I honestly can't see a single reason to actually get 2024 5.5e. Having to put out full price for a new set of core rulebooks, when in reality it's glorified errata which doesn't fix any of the issues I had with the system (while introducing new issues).

And even if I did want to switch, both my groups have said they're not going to switch so it wouldn't happen anyway.
 

R_J_K75

Legend
The more I read about this revision the more I don't think it's for me. At one point I considered buying it, but I realized again why I don't play 5E anymore and I doubt this revision will fix any of that. The being able to reload a crossbow without a free hand is dumb and I don't trust them to make a well thought out revision. Even if I bought the revision, I doubt we'd play it very long so I'm not wasting my money
 

clearstream

(He, Him)
Or the rope above you snapping. I see what you are saying, but I don't think the 5e rules are exactly fail forward. The DMG includes an optional rule for failing forward. I believe they call it success with a consequence where if you fail by I think it's 3 or less, you still succeed but there is a consequence like the falling vase.
In the DMG are "optional" and "variant" rules, and just rules.

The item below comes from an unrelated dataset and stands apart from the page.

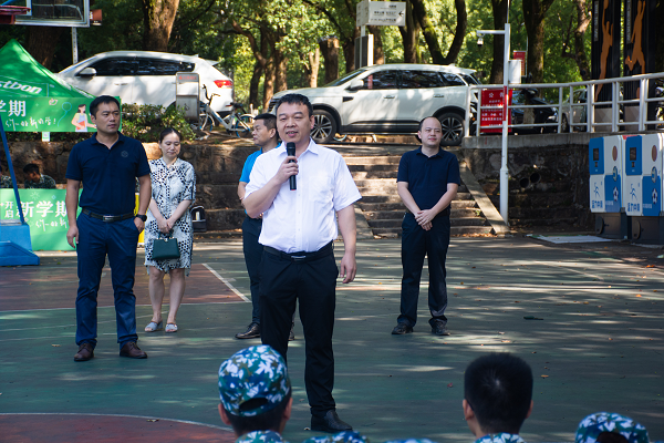 党委书记贺志军、院长高广军等院领导以及全体辅导员老师来到南校区篮球场,亲切慰问2021级军训教官及参训新生。

DMG 237 is of the latter sort.

You could be thinking of 242, which extends that to extra consequences on specific numbers.
 

clearstream

(He, Him)
This is the point i disagree with many gms and the DMG. Failing forward, partial successes, degrees of success, and all those concepts are just unnecessary noise that hurt the game and conflict with an eloquent process.
They have their benefits, although as I said I find this to be less about binary versus trinary outcomes, and more about consequential outcomes.

The GM should always know what failure means before rolling. If they don't know that there no reasonable reason for the check to occur. The dice are meant to be a neutral method to decide an outcome not a tool to inject randomness to the world for the sake of it.

This means that failure needs to be defined at the same time as determining if the roll is needed and the DC after adjusting for situational modifiers.
Agree, and the PHB text doesn't guide to it.

Where WoTC shat the bed is they gloss over the vast range of possibilities when your talking about failure. If you ask most GMs what failing means they talk about roll results rather than anything else.
A signal failing was not putting the words in DMG 237 into the PHB.

It'll be interesting to see what the 5.5 DMG contains.